(Beginning of THE RECORDS)

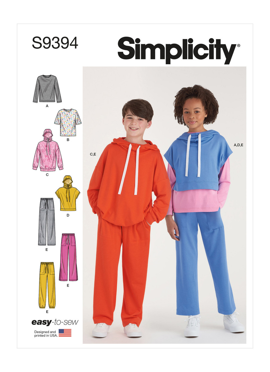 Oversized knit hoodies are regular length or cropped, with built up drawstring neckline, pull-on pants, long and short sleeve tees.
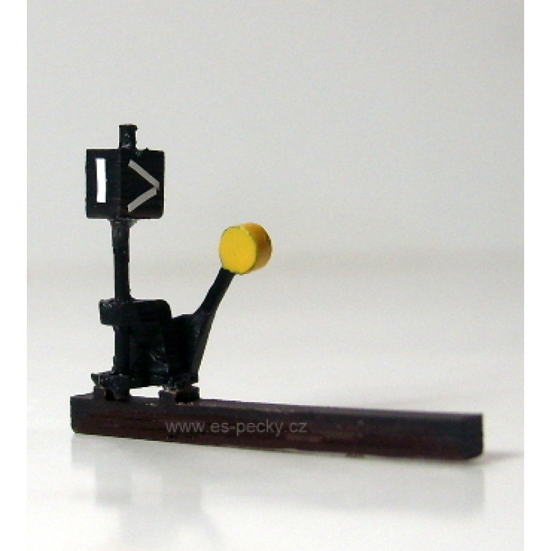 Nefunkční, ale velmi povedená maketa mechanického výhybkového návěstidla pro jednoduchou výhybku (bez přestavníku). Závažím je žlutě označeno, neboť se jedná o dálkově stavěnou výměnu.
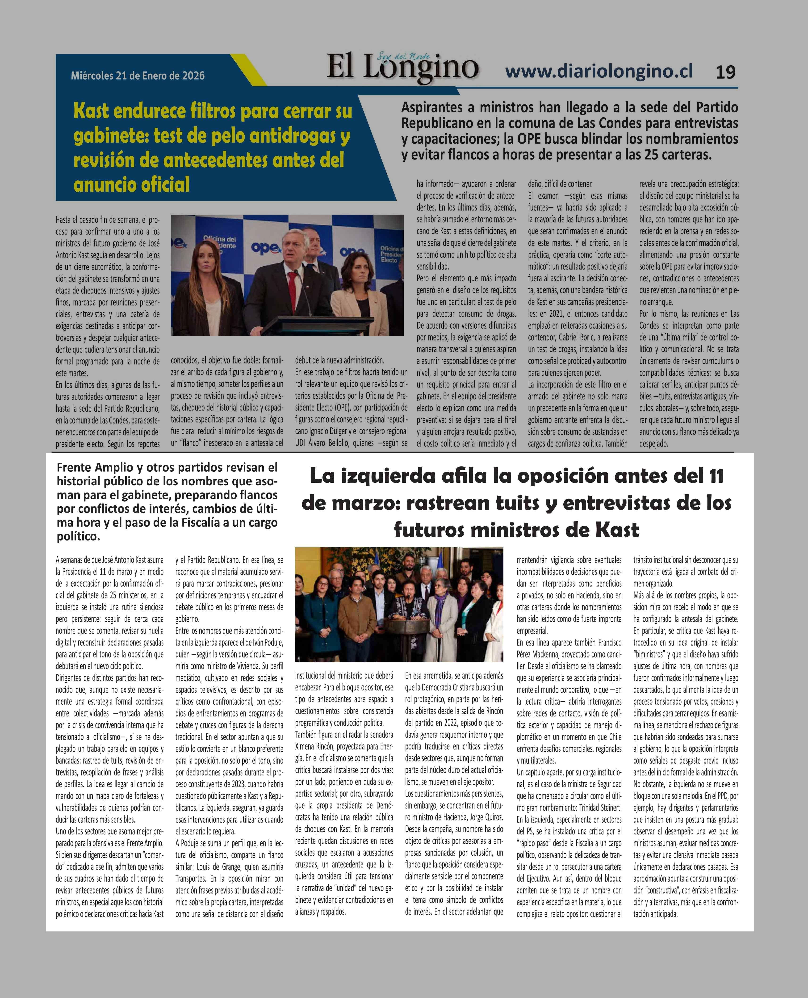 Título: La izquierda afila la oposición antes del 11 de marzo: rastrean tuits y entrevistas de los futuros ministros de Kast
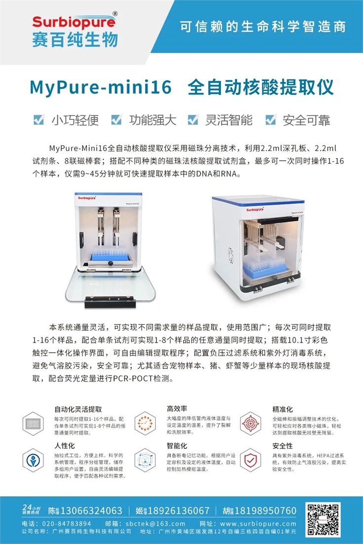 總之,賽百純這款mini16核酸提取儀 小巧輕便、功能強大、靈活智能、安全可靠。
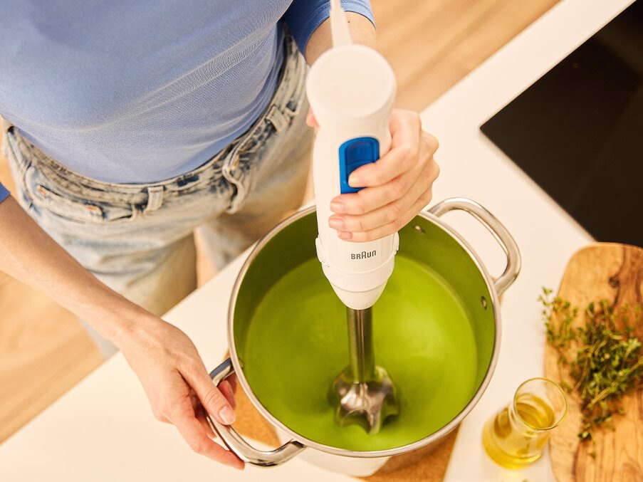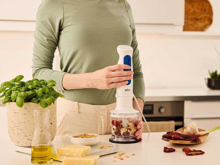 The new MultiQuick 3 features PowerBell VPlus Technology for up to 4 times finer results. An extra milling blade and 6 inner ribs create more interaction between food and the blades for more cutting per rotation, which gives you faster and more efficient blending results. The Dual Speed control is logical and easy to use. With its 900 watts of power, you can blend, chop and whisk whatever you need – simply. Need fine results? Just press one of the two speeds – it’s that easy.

(End of THE RECORDS)

Each record above must be retyped exactly as given, with the images excluded.

## [RESULT]
 Oversized knit hoodies are regular length or cropped, with built up drawstring neckline, pull-on pants, long and short sleeve tees.
 Nefunkční, ale velmi povedená maketa mechanického výhybkového návěstidla pro jednoduchou výhybku (bez přestavníku). Závažím je žlutě označeno, neboť se jedná o dálkově stavěnou výměnu.
 Título: La izquierda afila la oposición antes del 11 de marzo: rastrean tuits y entrevistas de los futuros ministros de Kast
 總之,賽百純這款mini16核酸提取儀 小巧輕便、功能強大、靈活智能、安全可靠。
 The new MultiQuick 3 features PowerBell VPlus Technology for up to 4 times finer results. An extra milling blade and 6 inner ribs create more interaction between food and the blades for more cutting per rotation, which gives you faster and more efficient blending results. The Dual Speed control is logical and easy to use. With its 900 watts of power, you can blend, chop and whisk whatever you need – simply. Need fine results? Just press one of the two speeds – it’s that easy.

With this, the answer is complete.